Betsy looked down at my shoes. The march had given me blisters and one of my straps from my Mary Janes had ripped, flapping along as we marched up Fulton Street toward the stadium. “But you can’t get keep running in those,” she said, peering closer. “Is that mustard?” She handed me her boots and told me I could hang out in the house as long as I liked, but that Ben’s parents would be home in a couple of days.

“Thank you,” I said, wiping my nose with the back of my sleeve.

It didn’t take long for them to pack up. “Stay safe.” Betsy pulled me into the middle of a group hug with her and Ben and Poppy. As we said our goodbyes, I felt my heart tearing apart. I missed family.

***

Before deciding my next move, I called home. At last, my mother came to the phone. She sounded upset, of course, but Dad was fine, like Grandma told me.

“So, the police aren’t looking for me?”

“No. How would I explain that it was your dead grandmother who caused her son to get stabbed?”

“I’m so sorry this happened, Mom.”

“Why should you be? It wasn’t your fault.” She didn’t sound mad. “Anna, you’ve always been stuck in the middle.” She understood my dilemma? “Just come home.”

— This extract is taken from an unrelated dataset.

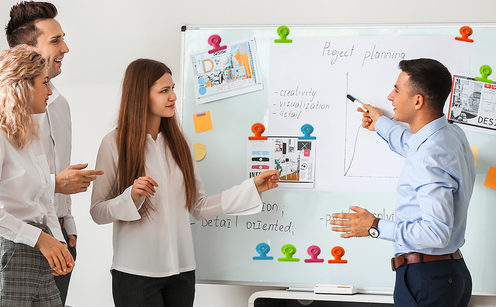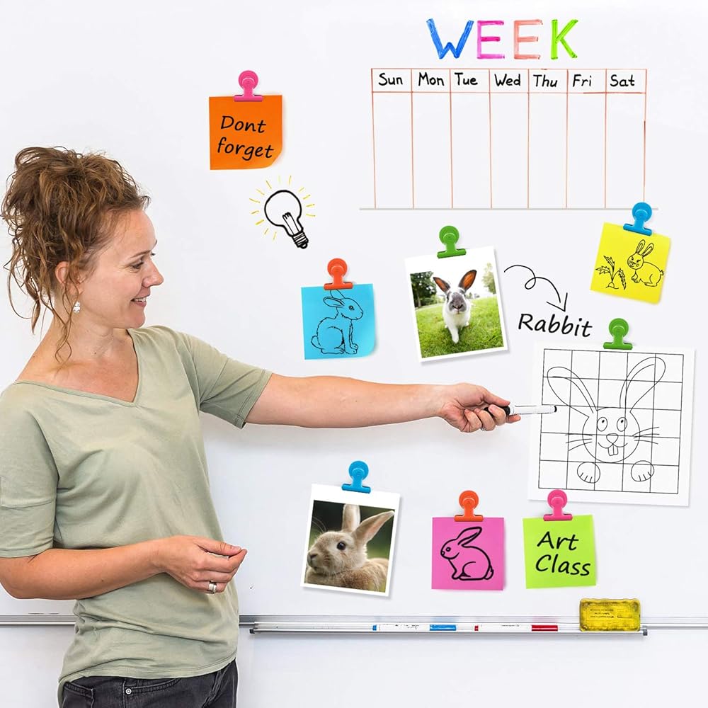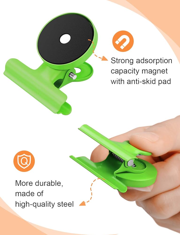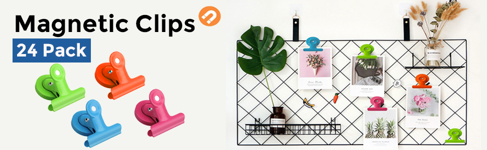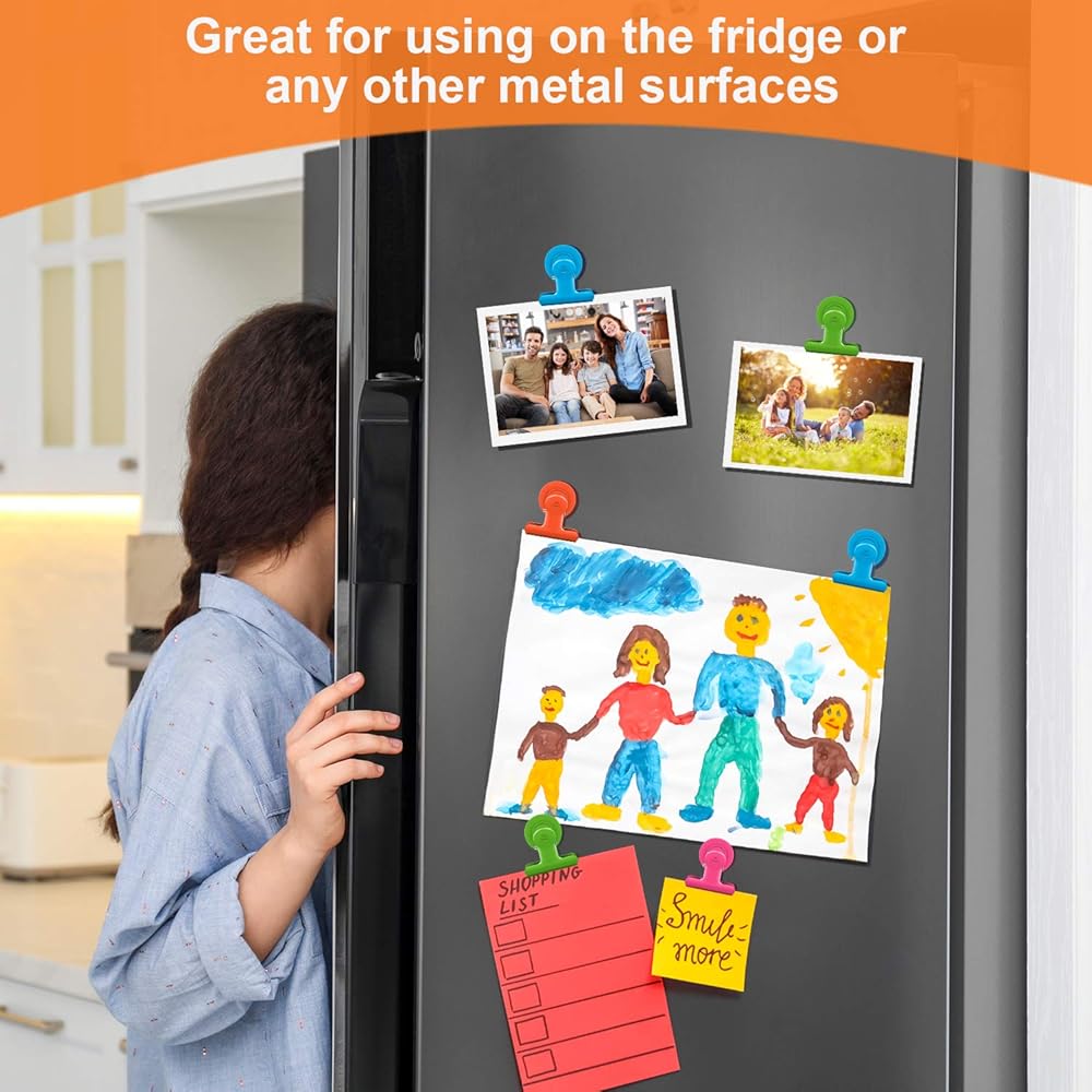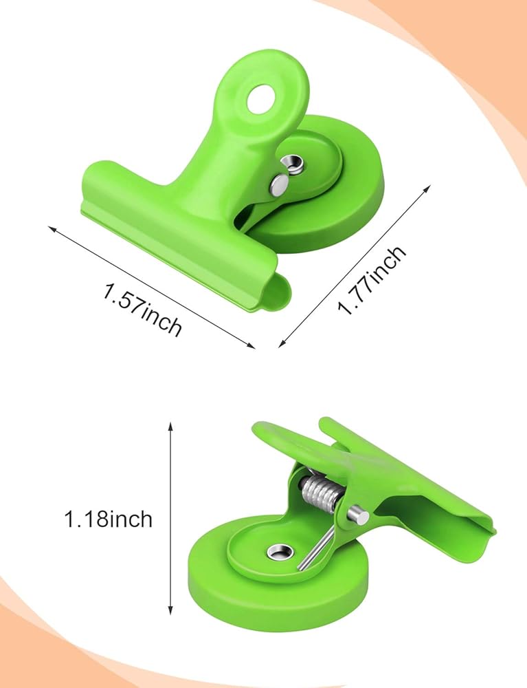 تعتبر المشابك المغناطيسية الملونة مثالية لنشر الصور والملاحظات وقوائم التسوق والفواتير لجذبها إلى ثلاجتك أو اللوحة البيضاء أو مكتب الخزانة المعدنية أو أي سطح معدني آخر.

Now she’d really given me something to cry about. Without saying so, I knew she missed having me around while everyone was off at school. She missed her ally, her helper, her partner in crime. Mom sounded sweet which made it harder to explain that I wasn’t ready to come home yet. I tried to describe how I was changing. And just as quickly, she harshened her tone. “I’m sure you are, traveling around with those big ideas in your head. Desgraciada. Como tienes sangre azul. I’m sure your high-society Grandmother is so happy she finally pulled you away from us.”

“She didn’t pull me away, I ran away after I stabbed Dad, remember? He would have killed you if I hadn’t stepped in.”

“He wouldn’t have touched me if your grandmother hadn’t been such a metiche. Anyway, it was nothing any different. He needs me too much to actually kill me.”

So, she’d risk getting beaten to death. “But needing isn’t the same as loving, Mom.”

“What do you know about love?”

Not much, except that it’s obviously truly blind. Mom had never seen the frightened little Anna standing in front of her.

I wondered if the reason she constantly engaged in arguments with Dad, a sort of sick game to her, was to prove some kind of love. Still on a high from marching for peace, singing songs of freedom and unity, chanting words of hope, I wouldn’t let Mom bring me down.

“Anna, what are you trying to do? Get killed? You don’t understand what it’s like to be a minority. You weren’t around during the riots.”

“You’re right, Mom.” But we’ve come a long way since the Zoot Suit Riots. I’m marching for change. We need to end the war.”

“Aye dios, your father would be shocked to hear this.”

“And your father might be proud. Where would we be if not for Dolores Huerta and her family? Don’t you see the good that came of her?”

Mom laughed and I could picture the sneer on her face. “You’re no Dolores Huerta.”

No, I’m Anna LeMar and I’m not coming home. I hung up the phone.